# Problem requirements
Reproduce the lines below exactly, from the one containing "2132年8月4日(月)まで あと 99999" through the one containing "- Versatile Hybrid", both included. Leave out any pictures.

# Supplied data

= = = = = = =

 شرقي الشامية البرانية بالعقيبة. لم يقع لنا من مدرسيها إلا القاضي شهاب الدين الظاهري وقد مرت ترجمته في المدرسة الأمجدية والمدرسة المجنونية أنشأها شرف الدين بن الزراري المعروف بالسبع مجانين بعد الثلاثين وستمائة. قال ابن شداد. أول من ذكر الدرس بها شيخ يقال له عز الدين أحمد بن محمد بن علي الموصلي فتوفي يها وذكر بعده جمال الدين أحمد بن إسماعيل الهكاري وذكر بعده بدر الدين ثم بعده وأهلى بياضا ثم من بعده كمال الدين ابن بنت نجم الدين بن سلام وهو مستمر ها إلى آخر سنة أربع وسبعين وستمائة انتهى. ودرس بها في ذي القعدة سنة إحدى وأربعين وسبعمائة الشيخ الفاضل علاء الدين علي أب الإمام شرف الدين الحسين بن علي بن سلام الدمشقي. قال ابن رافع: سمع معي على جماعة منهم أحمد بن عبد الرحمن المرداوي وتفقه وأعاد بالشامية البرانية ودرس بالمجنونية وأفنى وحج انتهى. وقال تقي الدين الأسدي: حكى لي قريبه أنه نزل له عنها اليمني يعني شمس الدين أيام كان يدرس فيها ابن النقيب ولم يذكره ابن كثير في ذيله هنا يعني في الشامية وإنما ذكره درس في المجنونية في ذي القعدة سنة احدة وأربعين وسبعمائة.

= = = = = = =

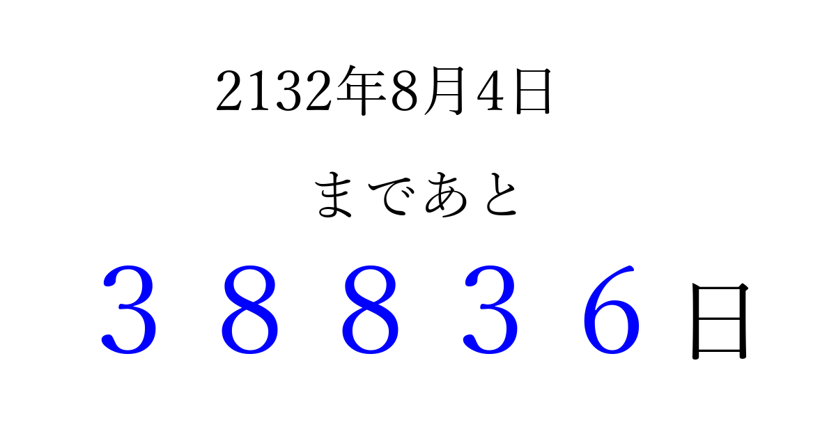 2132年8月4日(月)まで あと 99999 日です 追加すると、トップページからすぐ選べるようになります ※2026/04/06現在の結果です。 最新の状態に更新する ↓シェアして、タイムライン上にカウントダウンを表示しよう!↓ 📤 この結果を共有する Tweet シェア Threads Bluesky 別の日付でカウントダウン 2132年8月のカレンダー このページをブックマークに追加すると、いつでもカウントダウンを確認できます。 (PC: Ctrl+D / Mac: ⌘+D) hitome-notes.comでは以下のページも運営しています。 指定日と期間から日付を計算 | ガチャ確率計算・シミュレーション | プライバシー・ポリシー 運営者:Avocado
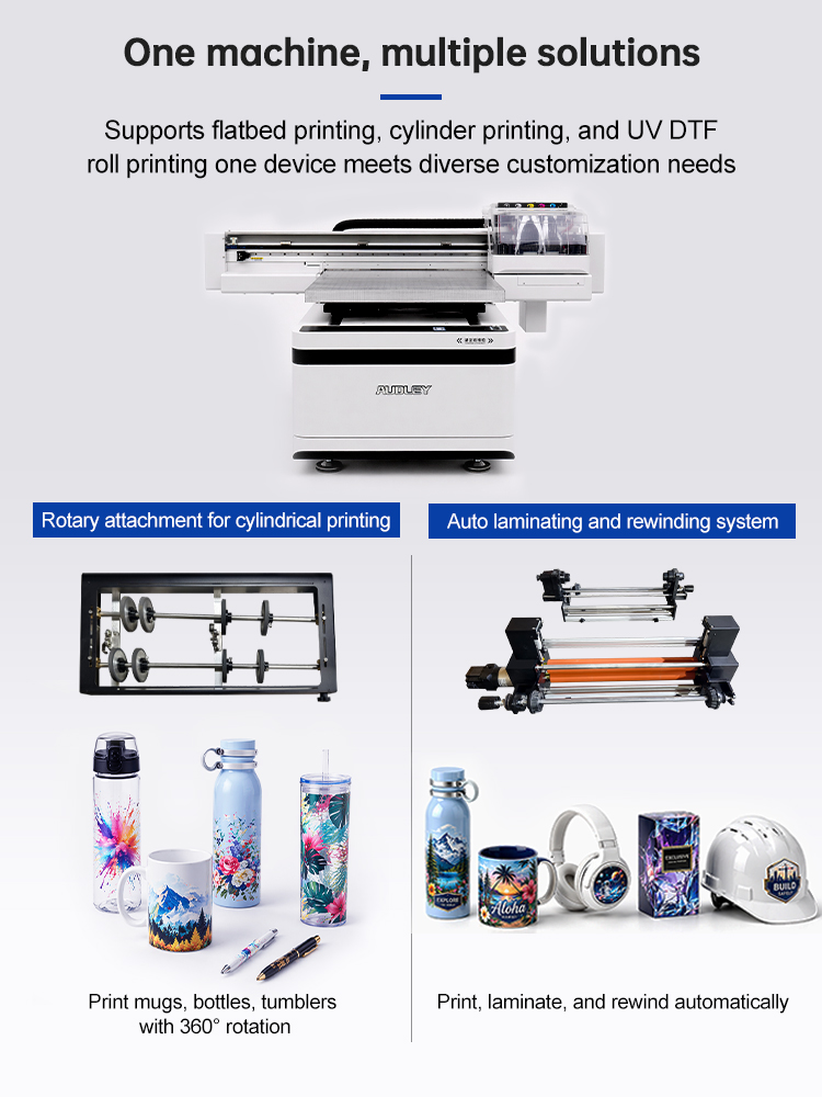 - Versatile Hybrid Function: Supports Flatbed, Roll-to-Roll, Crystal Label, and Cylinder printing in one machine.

= = = = = = =

# Solution
 2132年8月4日(月)まで あと 99999 日です 追加すると、トップページからすぐ選べるようになります ※2026/04/06現在の結果です。 最新の状態に更新する ↓シェアして、タイムライン上にカウントダウンを表示しよう!↓ 📤 この結果を共有する Tweet シェア Threads Bluesky 別の日付でカウントダウン 2132年8月のカレンダー このページをブックマークに追加すると、いつでもカウントダウンを確認できます。 (PC: Ctrl+D / Mac: ⌘+D) hitome-notes.comでは以下のページも運営しています。 指定日と期間から日付を計算 | ガチャ確率計算・シミュレーション | プライバシー・ポリシー 運営者:Avocado
 - Versatile Hybrid Function: Supports Flatbed, Roll-to-Roll, Crystal Label, and Cylinder printing in one machine.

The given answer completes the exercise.